● **Problem statement**:
Your task is to transcribe all of the data below exactly, omitting the images.

——————

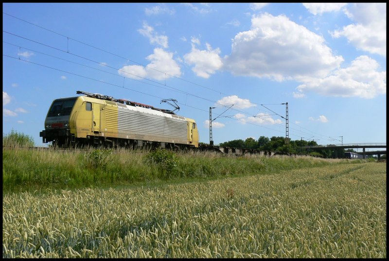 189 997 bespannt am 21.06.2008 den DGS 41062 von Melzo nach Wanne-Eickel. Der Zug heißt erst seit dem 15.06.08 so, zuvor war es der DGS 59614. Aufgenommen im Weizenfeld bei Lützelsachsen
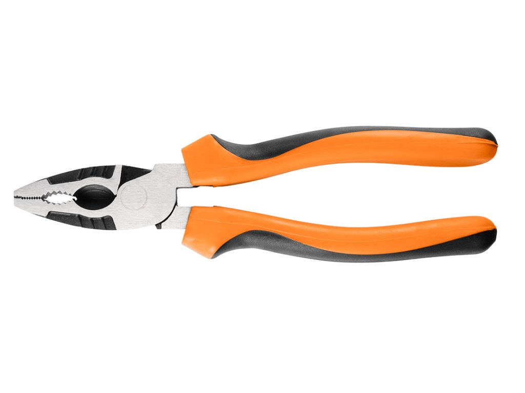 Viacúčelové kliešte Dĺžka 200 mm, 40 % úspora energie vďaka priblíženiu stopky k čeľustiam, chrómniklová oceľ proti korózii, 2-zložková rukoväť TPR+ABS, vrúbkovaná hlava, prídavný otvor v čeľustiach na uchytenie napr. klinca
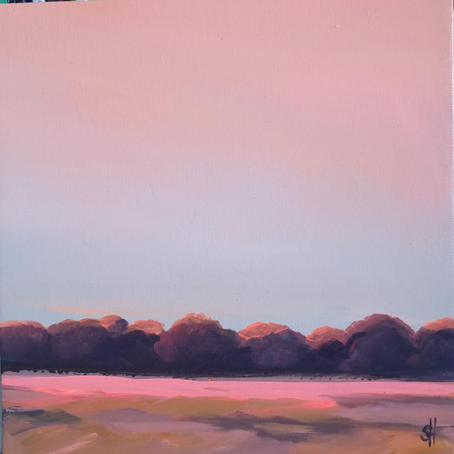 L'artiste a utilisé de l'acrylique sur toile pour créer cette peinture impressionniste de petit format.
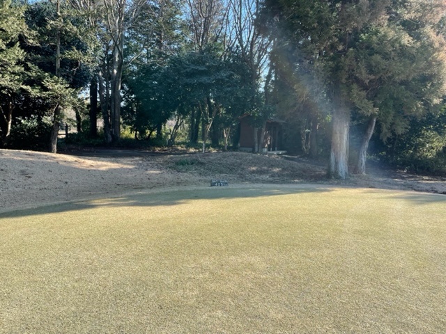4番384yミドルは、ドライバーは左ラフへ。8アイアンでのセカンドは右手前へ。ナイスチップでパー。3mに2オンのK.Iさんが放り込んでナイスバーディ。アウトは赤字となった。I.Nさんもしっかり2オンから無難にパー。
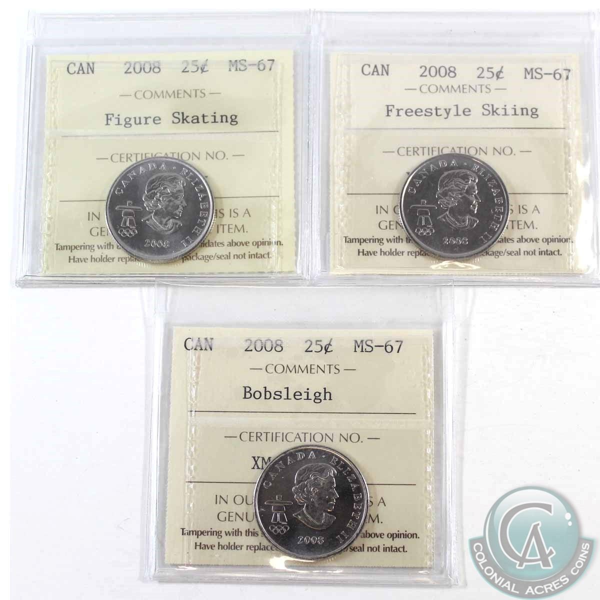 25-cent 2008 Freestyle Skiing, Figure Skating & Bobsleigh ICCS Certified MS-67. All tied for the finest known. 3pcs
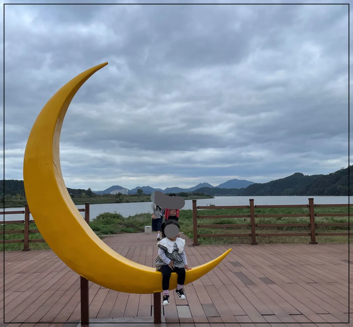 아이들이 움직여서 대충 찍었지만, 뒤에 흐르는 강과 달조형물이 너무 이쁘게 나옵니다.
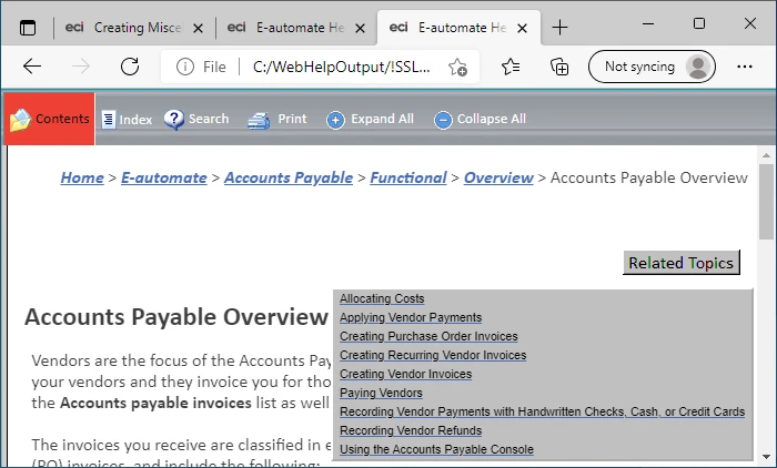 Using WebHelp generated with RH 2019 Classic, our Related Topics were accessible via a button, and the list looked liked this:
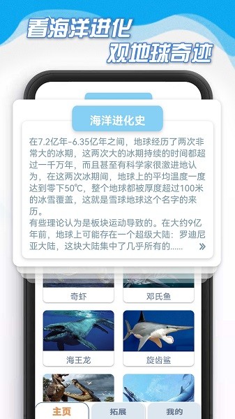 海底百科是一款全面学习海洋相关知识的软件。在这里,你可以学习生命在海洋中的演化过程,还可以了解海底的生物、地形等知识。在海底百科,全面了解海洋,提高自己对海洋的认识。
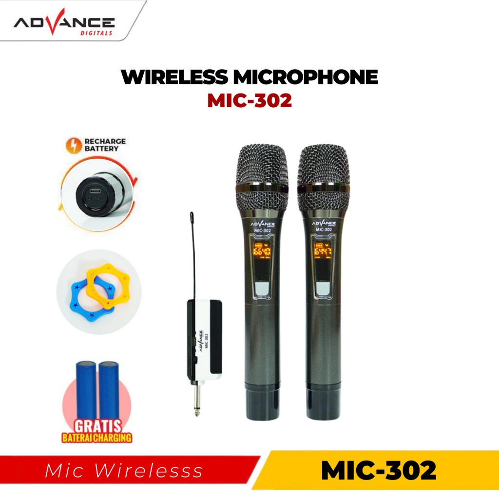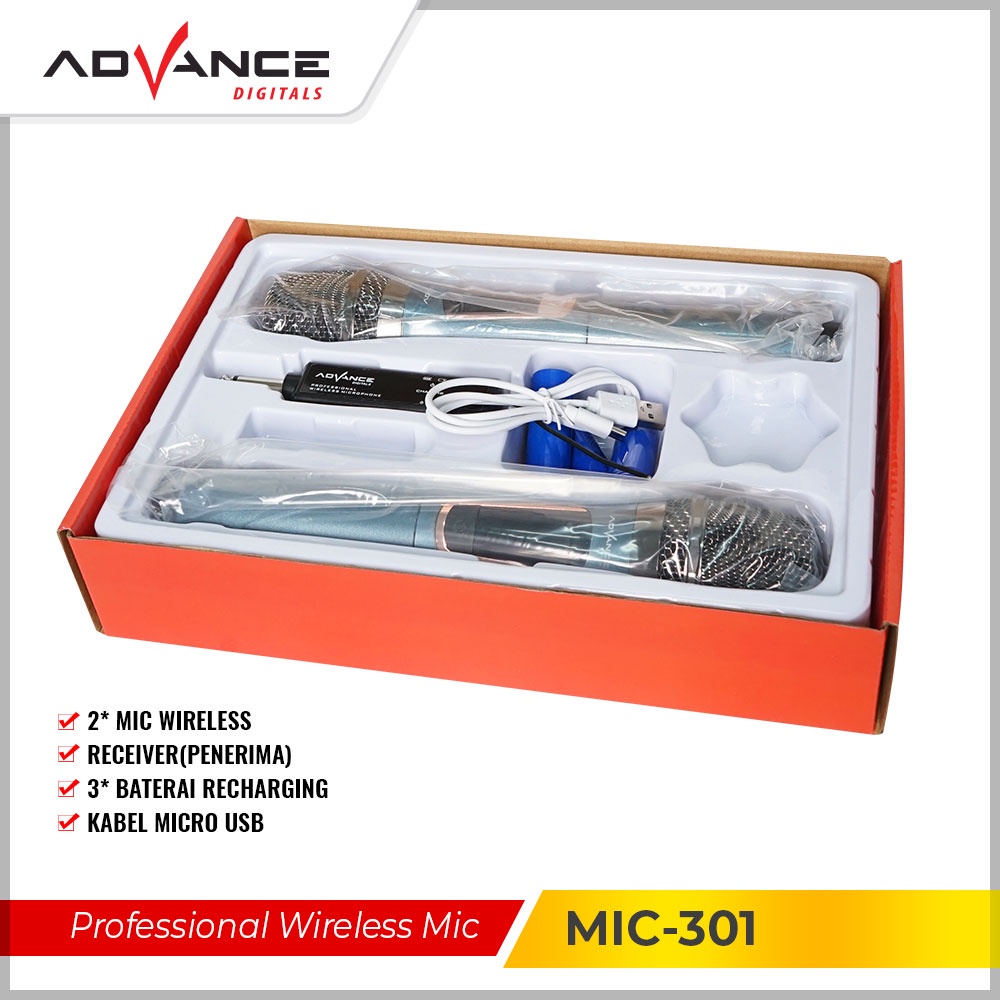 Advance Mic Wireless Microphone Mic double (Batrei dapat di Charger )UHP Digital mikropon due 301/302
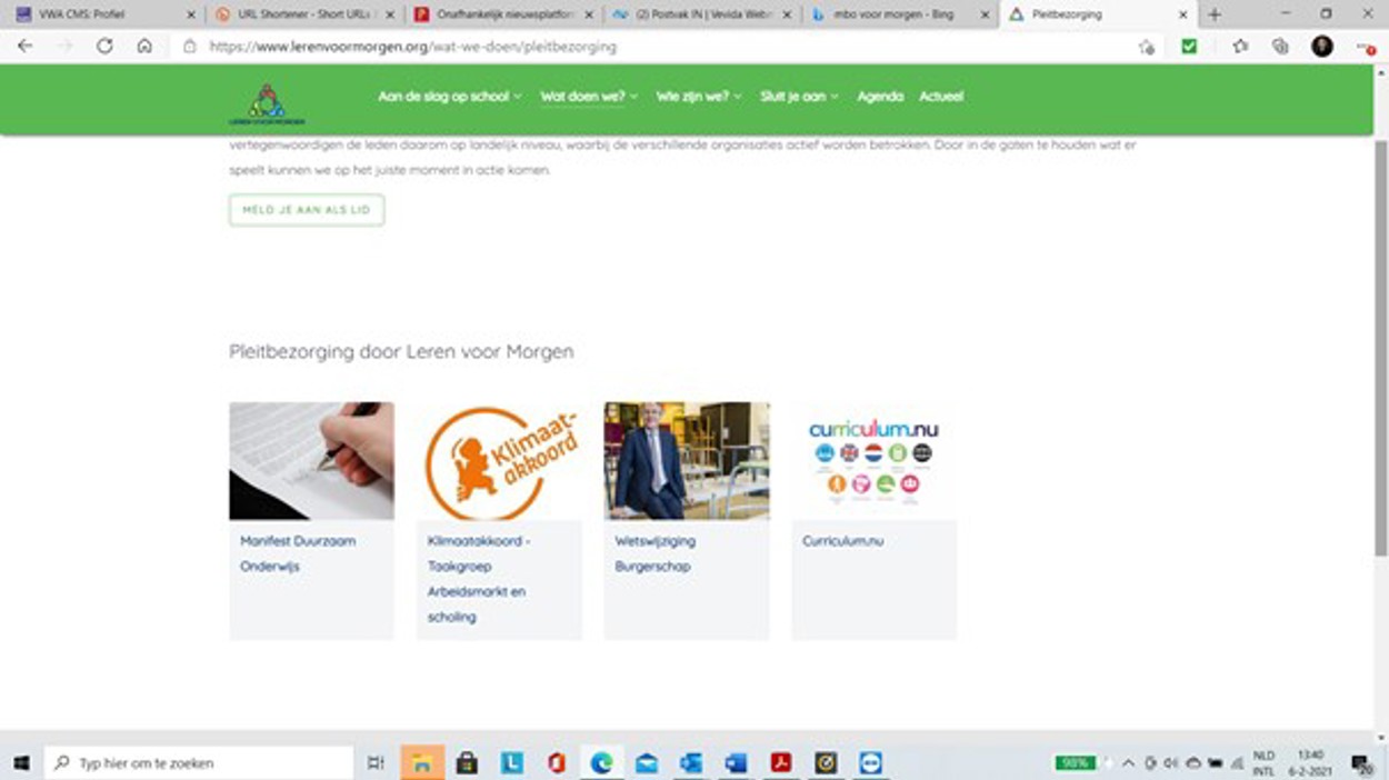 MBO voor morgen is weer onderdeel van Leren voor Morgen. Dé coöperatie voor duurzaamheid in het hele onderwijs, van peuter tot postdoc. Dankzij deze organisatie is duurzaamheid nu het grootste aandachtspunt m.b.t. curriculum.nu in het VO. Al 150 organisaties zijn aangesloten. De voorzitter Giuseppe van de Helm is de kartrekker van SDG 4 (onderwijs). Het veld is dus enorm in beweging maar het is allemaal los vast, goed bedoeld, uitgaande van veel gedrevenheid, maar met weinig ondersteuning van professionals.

——————

● **Task result**:
 189 997 bespannt am 21.06.2008 den DGS 41062 von Melzo nach Wanne-Eickel. Der Zug heißt erst seit dem 15.06.08 so, zuvor war es der DGS 59614. Aufgenommen im Weizenfeld bei Lützelsachsen
 Viacúčelové kliešte Dĺžka 200 mm, 40 % úspora energie vďaka priblíženiu stopky k čeľustiam, chrómniklová oceľ proti korózii, 2-zložková rukoväť TPR+ABS, vrúbkovaná hlava, prídavný otvor v čeľustiach na uchytenie napr. klinca
 L'artiste a utilisé de l'acrylique sur toile pour créer cette peinture impressionniste de petit format.
4番384yミドルは、ドライバーは左ラフへ。8アイアンでのセカンドは右手前へ。ナイスチップでパー。3mに2オンのK.Iさんが放り込んでナイスバーディ。アウトは赤字となった。I.Nさんもしっかり2オンから無難にパー。
 25-cent 2008 Freestyle Skiing, Figure Skating & Bobsleigh ICCS Certified MS-67. All tied for the finest known. 3pcs
 아이들이 움직여서 대충 찍었지만, 뒤에 흐르는 강과 달조형물이 너무 이쁘게 나옵니다.
 Using WebHelp generated with RH 2019 Classic, our Related Topics were accessible via a button, and the list looked liked this:
 海底百科是一款全面学习海洋相关知识的软件。在这里,你可以学习生命在海洋中的演化过程,还可以了解海底的生物、地形等知识。在海底百科,全面了解海洋,提高自己对海洋的认识。
 Advance Mic Wireless Microphone Mic double (Batrei dapat di Charger )UHP Digital mikropon due 301/302
 MBO voor morgen is weer onderdeel van Leren voor Morgen. Dé coöperatie voor duurzaamheid in het hele onderwijs, van peuter tot postdoc. Dankzij deze organisatie is duurzaamheid nu het grootste aandachtspunt m.b.t. curriculum.nu in het VO. Al 150 organisaties zijn aangesloten. De voorzitter Giuseppe van de Helm is de kartrekker van SDG 4 (onderwijs). Het veld is dus enorm in beweging maar het is allemaal los vast, goed bedoeld, uitgaande van veel gedrevenheid, maar met weinig ondersteuning van professionals.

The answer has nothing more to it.